The CM said nobody will be allowed to disturb peace at any cost, while reacting to a protest call given by student unions for January 1 in universities and colleges across the state.
“Holding protests is the democratic right of every citizen and people, including students, are within their right to stage a peaceful dharna, march etc. against draconian initiatives of the central government, as long as such protests are conducted peacefully,” Singh said in a statement here.
He said as long as the protesters did not take law into their hands, police would not prevent them from carrying out their proposed agitation.
Police had been directed to come down heavily against any attempt by the protesters to vandalise public property or otherwise indulge in any violence, Singh said.
The Punjab CM also urged student leaders to keep a check on possible infiltration of “goonda” elements and ensure that the proposed protest was carried out peacefully.

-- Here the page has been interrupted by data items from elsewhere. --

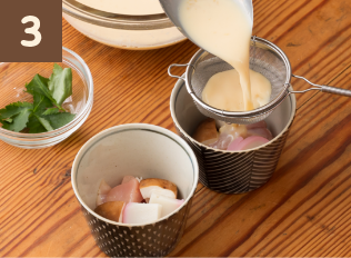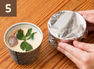 器に具材を入れ、茶こしでこしながら2を注ぐ。みつ葉をのせアルミホイルを被せる。
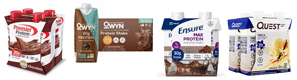 Premier Protein, Owyn Protein Shake, Ensure Max Protein, and Quest Protein. Available at most pharmacies, Sam's Club, or Costco.
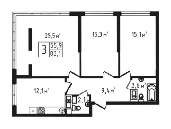 Продается 3-х комн. квартира, 83.1 кв.м., 6/9 эт
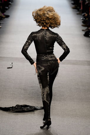 Et hop, l'humoriste s'en retourne en coulisses après un petit tour de piste. Un exercice d'effeuillage qui prouve que Valérie Lemercier n'a rien à envier à la jolie Dita Von Teese qui avait d'ailleurs, elle aussi, été invitée chez Jean Paul Gaultier. Clin d'oeil coquin : la belle porte une culotte affriolante sur sa combinaison.

Peaceful protests in some other states had ended up in violence due to such infiltrations, he stressed.
Singh said police would maintain strict vigil not just in and around universities but also public places across the state throughout the day.
During a dharna organised by the Punjab Congress in Ludhiana on Monday, the chief minister had reiterated that the controversial Citizenship Amendment Act would not be allowed to be implemented in the state under any circumstances.
The CM had said that his government was opposed to the CAA and the National Register of Citizens in view of their “divisive and discriminatory nature.”
Protests against CAA that were earlier confined to the northeast, have swept the country over the past two weeks after several protesters, including students clashed with the police in Delhi’s Jamia Milia Islamia on December 15.
The amended law seeks to provide citizenship to Hindu, Sikh, Buddhist, Jain, Parsi and Christian communities who have faced religious persecution in Pakistan, Bangladesh, and Afghanistan and have arrived in India on or before December 31, 2014.